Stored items
================================

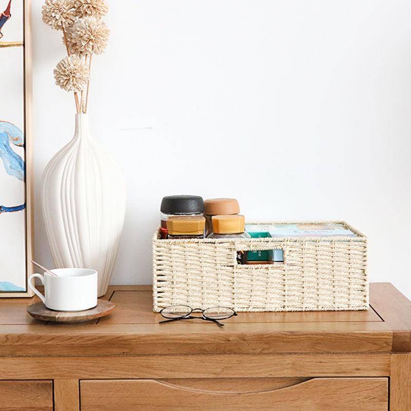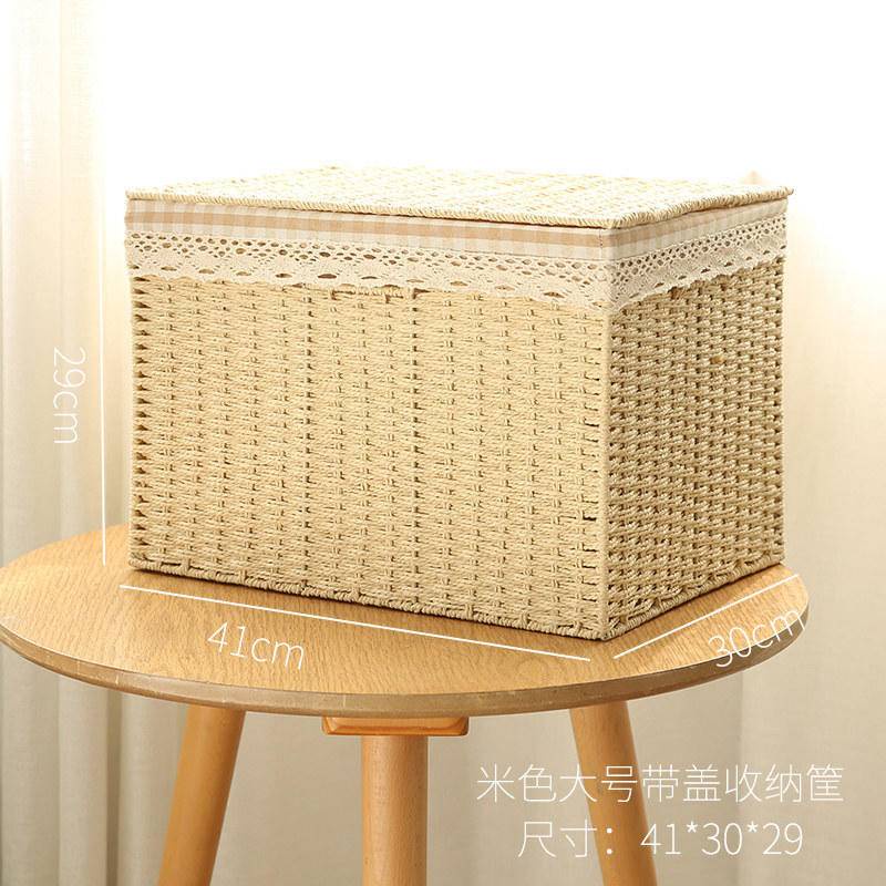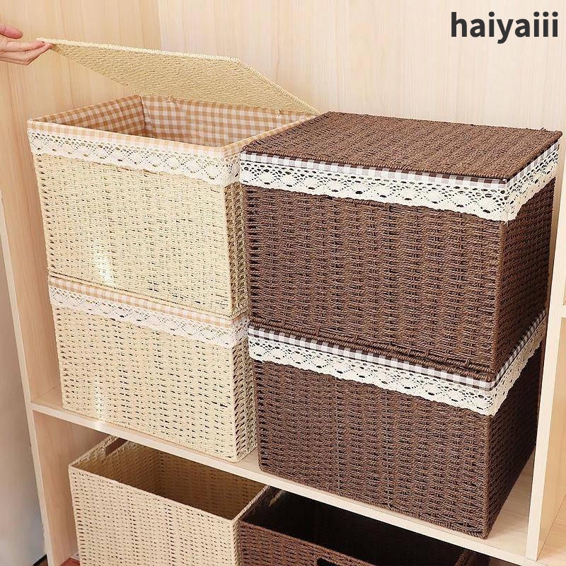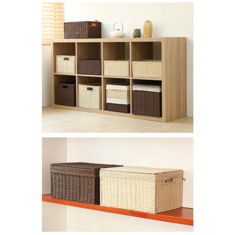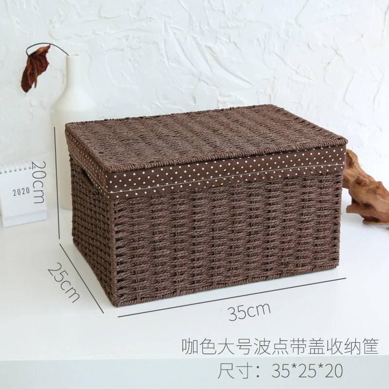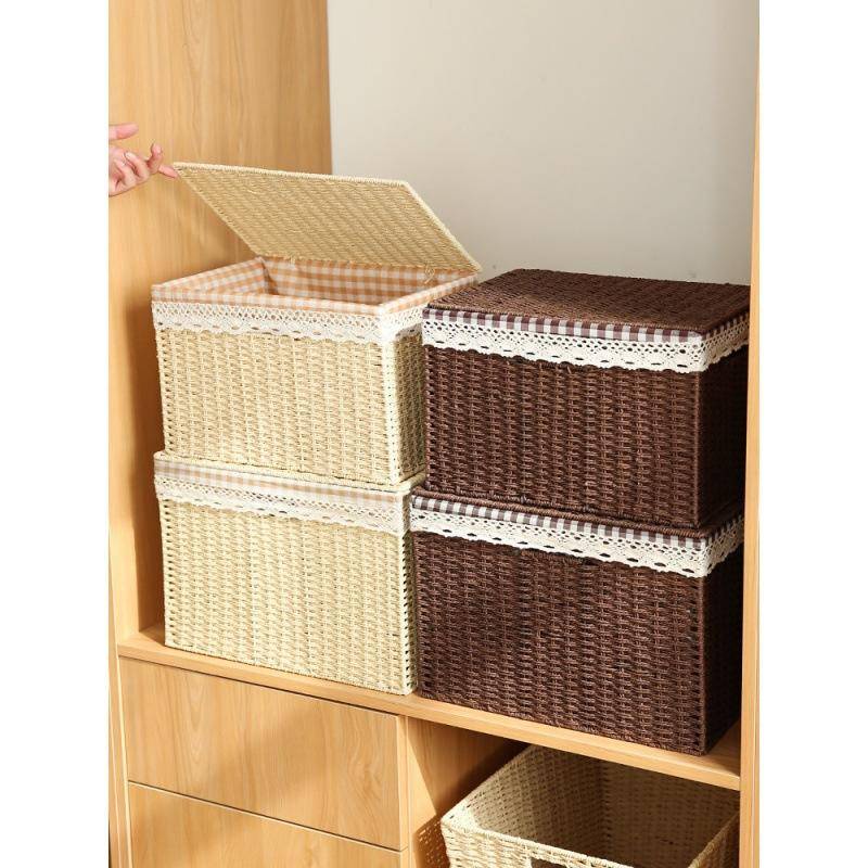 Japanese Rattan Basket Organizer Storage Box With Lid Weaved Storage Basket Clothes Sundries Organizer Basket Book Toy Snack Rattan Dustproof Storage Box
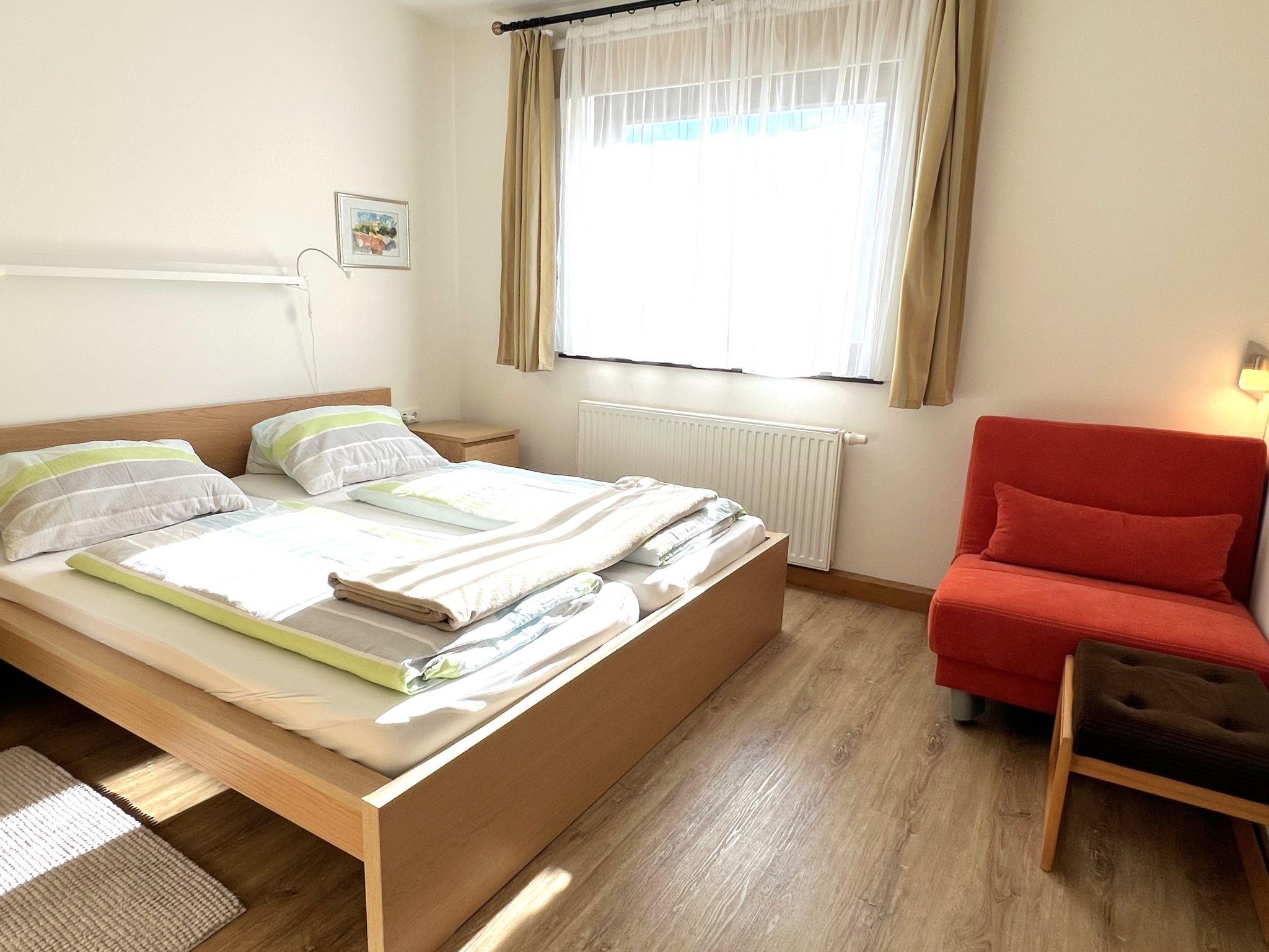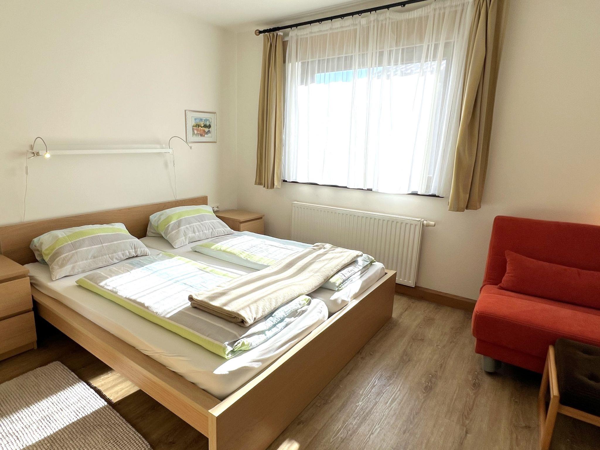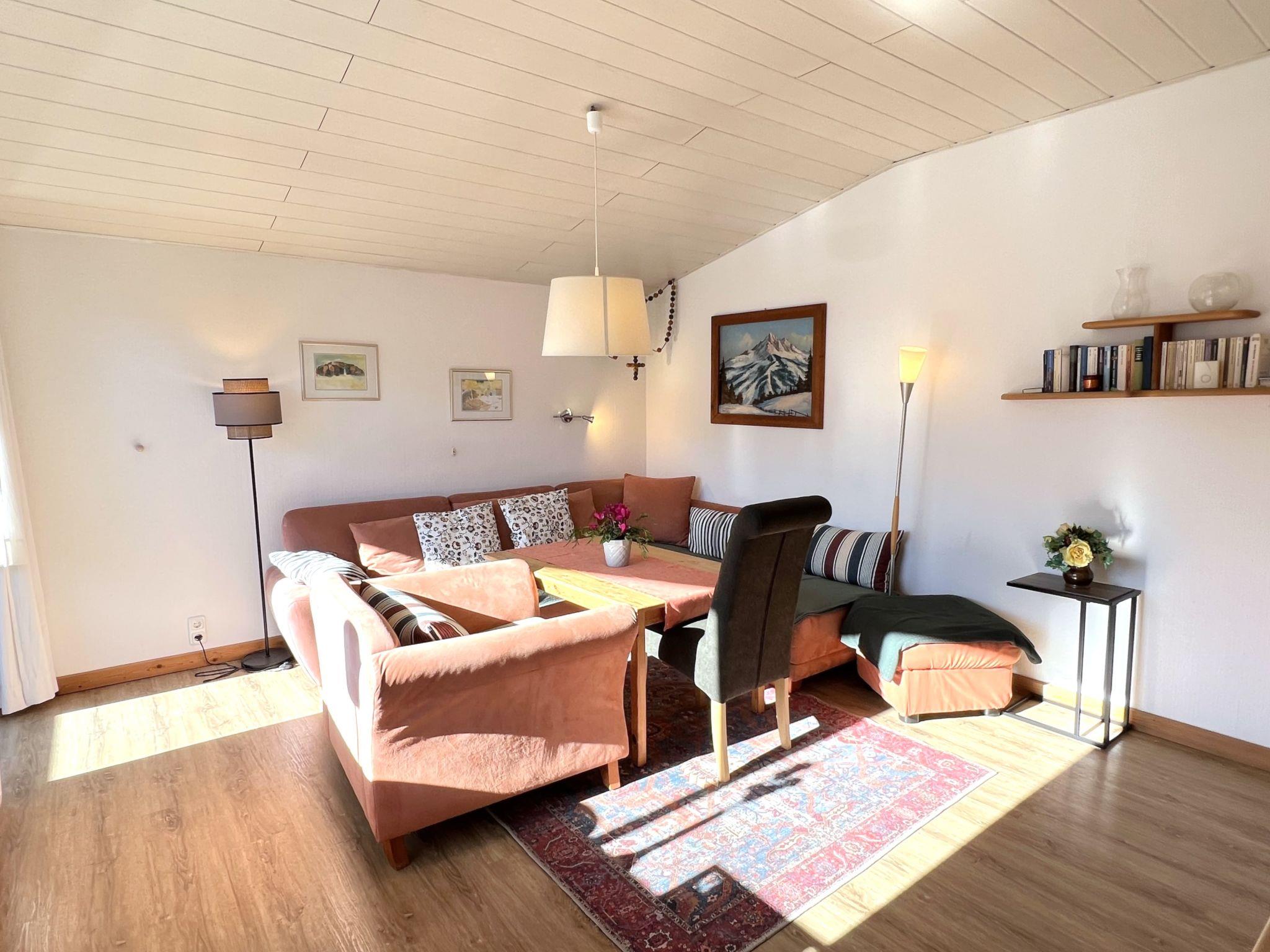 3-room apartment 70 m2 on 1st floor. Spacious and bright, cosy furnishings: 1 room with 1 double bed (2 x 90 cm, length 200 cm), 1 sleeping facility (90 cm, length 200 cm). 1 room with 2 beds (90 cm, length 200 cm). Living room with TV and flat screen. Kitchen (oven, 4 ceramic glass hob hotplates, toaster, kettle, electric coffee machine) with dining table. Shower, sep. WC. Balcony. Very beautiful panoramic view of the mountains. Facilities: Internet (WiFi, free). Parking (1 car). Please note: suitable for families. Non-smokers only. Smoke alarm.
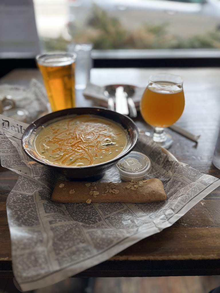 I was in the neighborhood of Ripon and wanted nachos. After a bit of research infield Knuth. The nachos didn't disappoint and the panini was even better. That being said the place was extremely busy and if you don't know it's self seating pay at the register and serve yourself the signs suggesting this are small and off to the side. The atmosphere was nice but again very busy. The nachos had a kick to them so if you don't like spicy might want to tamper down. I also had to have a piece of pizza and it was goof too. Craft beers were delicious and this is a great place to come eat and support local. Will be back if in the area again!
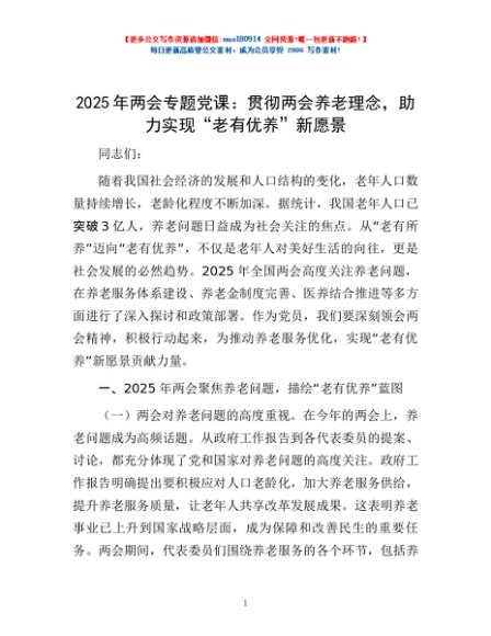 / 2025年两会专题党课:贯彻两会养老理念,助力实现“老有优养”新愿景
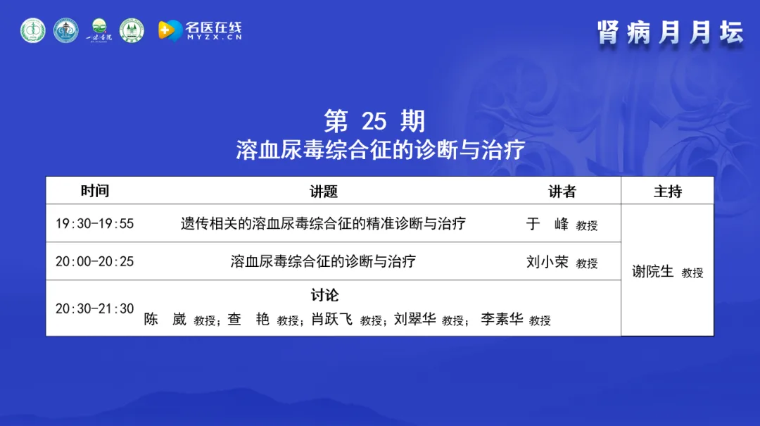 今天的主題是溶血尿毒綜合征的診斷與治療,邀請了在該領域有很深造詣的專家進行交流。
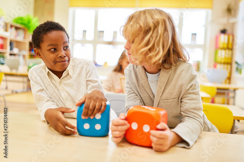 Mädchen in Schule steht vor Tafel mit Muskeln
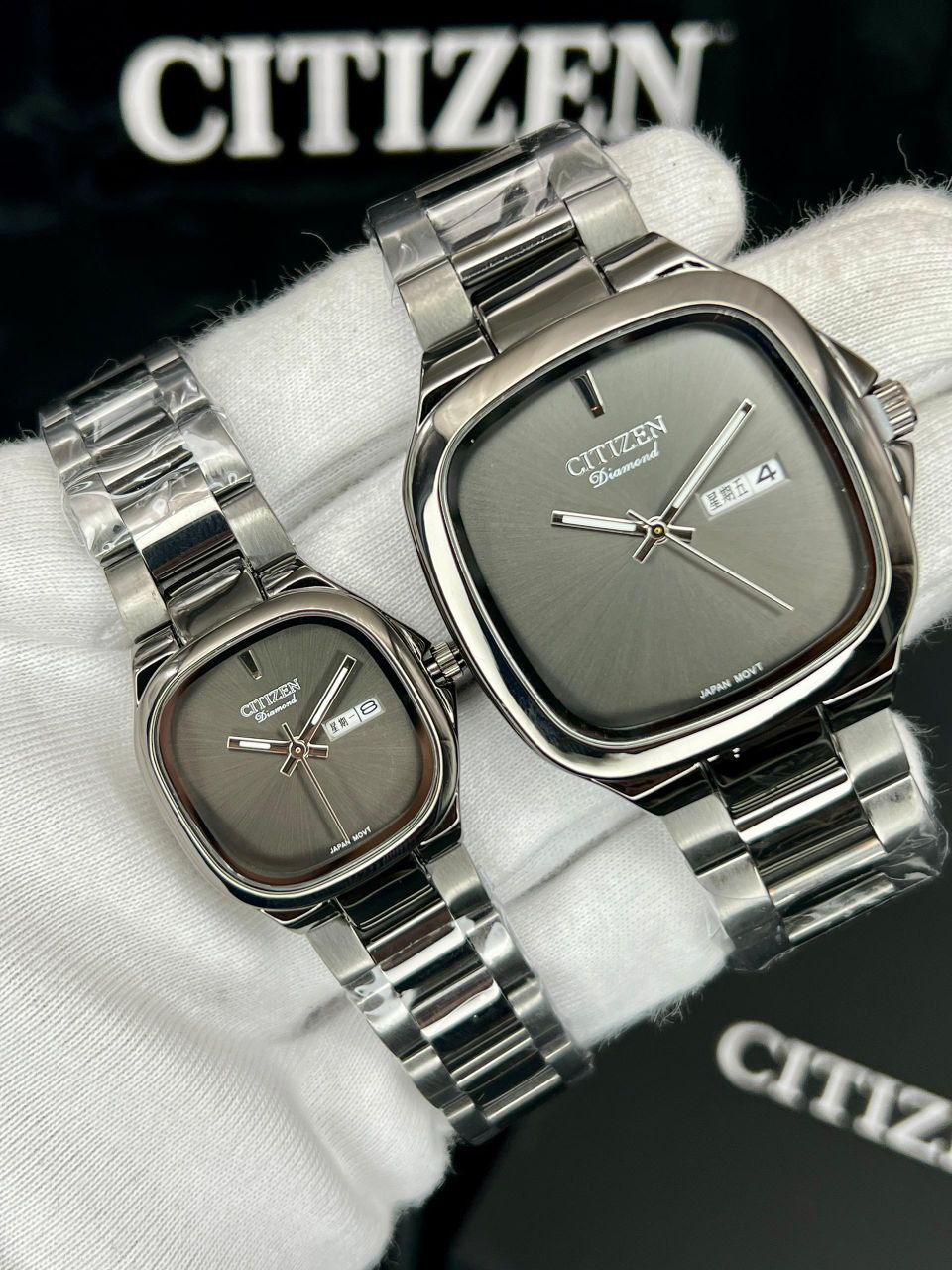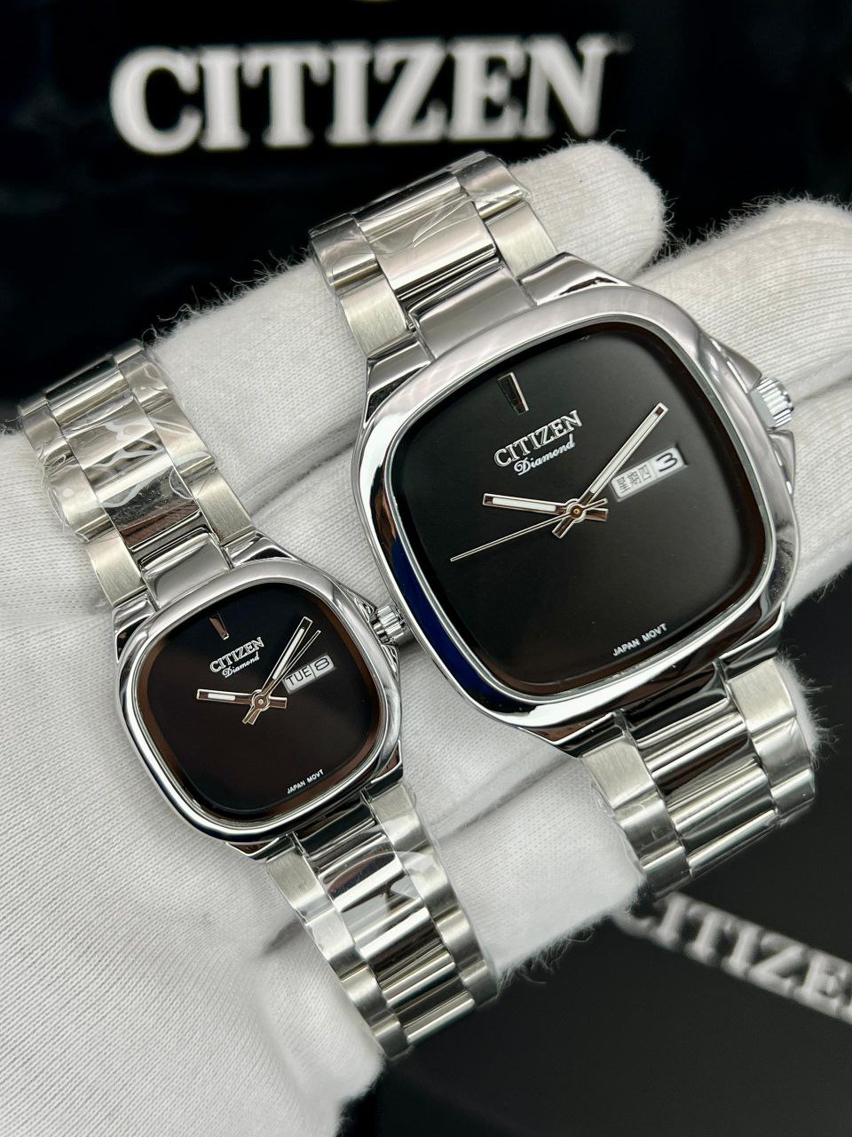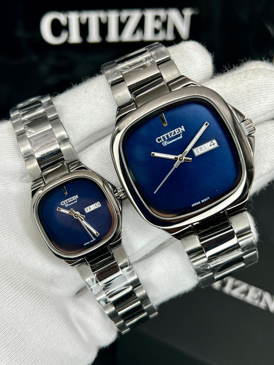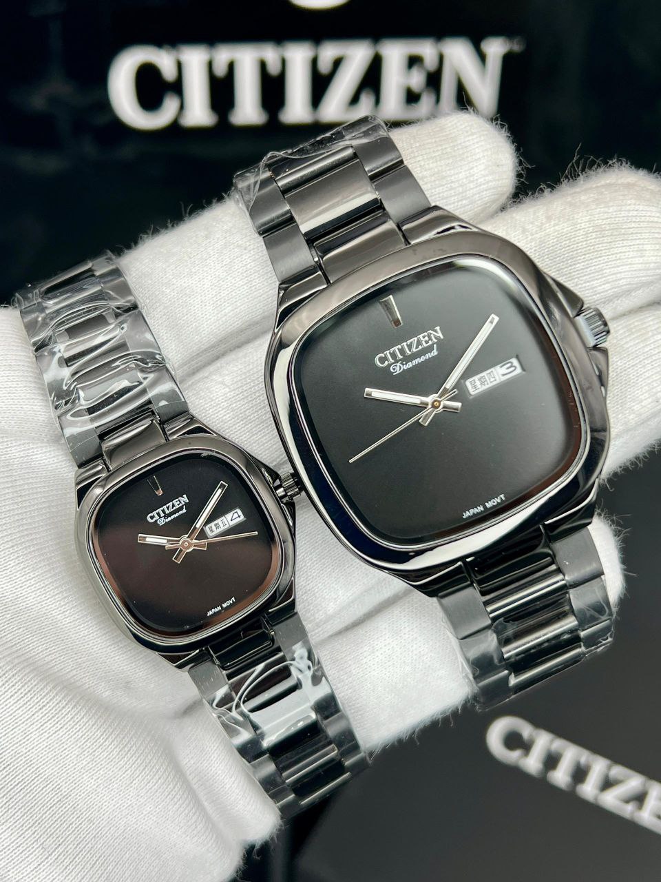 ست سیتیزن چهارگوش، موتور ژاپن، یکسال گارانتی شرکتی، در طرح ورنگهای مختلف، شیشه سافیر ضدخش، مقاوم در برابر آب

================================

● **WHAT YOU WILL DO**: What is needed is an exact copy of all the data, with no images in it.

● **OUTPUT OF THE TASK**:
 Japanese Rattan Basket Organizer Storage Box With Lid Weaved Storage Basket Clothes Sundries Organizer Basket Book Toy Snack Rattan Dustproof Storage Box
 3-room apartment 70 m2 on 1st floor. Spacious and bright, cosy furnishings: 1 room with 1 double bed (2 x 90 cm, length 200 cm), 1 sleeping facility (90 cm, length 200 cm). 1 room with 2 beds (90 cm, length 200 cm). Living room with TV and flat screen. Kitchen (oven, 4 ceramic glass hob hotplates, toaster, kettle, electric coffee machine) with dining table. Shower, sep. WC. Balcony. Very beautiful panoramic view of the mountains. Facilities: Internet (WiFi, free). Parking (1 car). Please note: suitable for families. Non-smokers only. Smoke alarm.
 I was in the neighborhood of Ripon and wanted nachos. After a bit of research infield Knuth. The nachos didn't disappoint and the panini was even better. That being said the place was extremely busy and if you don't know it's self seating pay at the register and serve yourself the signs suggesting this are small and off to the side. The atmosphere was nice but again very busy. The nachos had a kick to them so if you don't like spicy might want to tamper down. I also had to have a piece of pizza and it was goof too. Craft beers were delicious and this is a great place to come eat and support local. Will be back if in the area again!
 / 2025年两会专题党课:贯彻两会养老理念,助力实现“老有优养”新愿景
 今天的主題是溶血尿毒綜合征的診斷與治療,邀請了在該領域有很深造詣的專家進行交流。
 Mädchen in Schule steht vor Tafel mit Muskeln
 ست سیتیزن چهارگوش، موتور ژاپن، یکسال گارانتی شرکتی، در طرح ورنگهای مختلف، شیشه سافیر ضدخش، مقاوم در برابر آب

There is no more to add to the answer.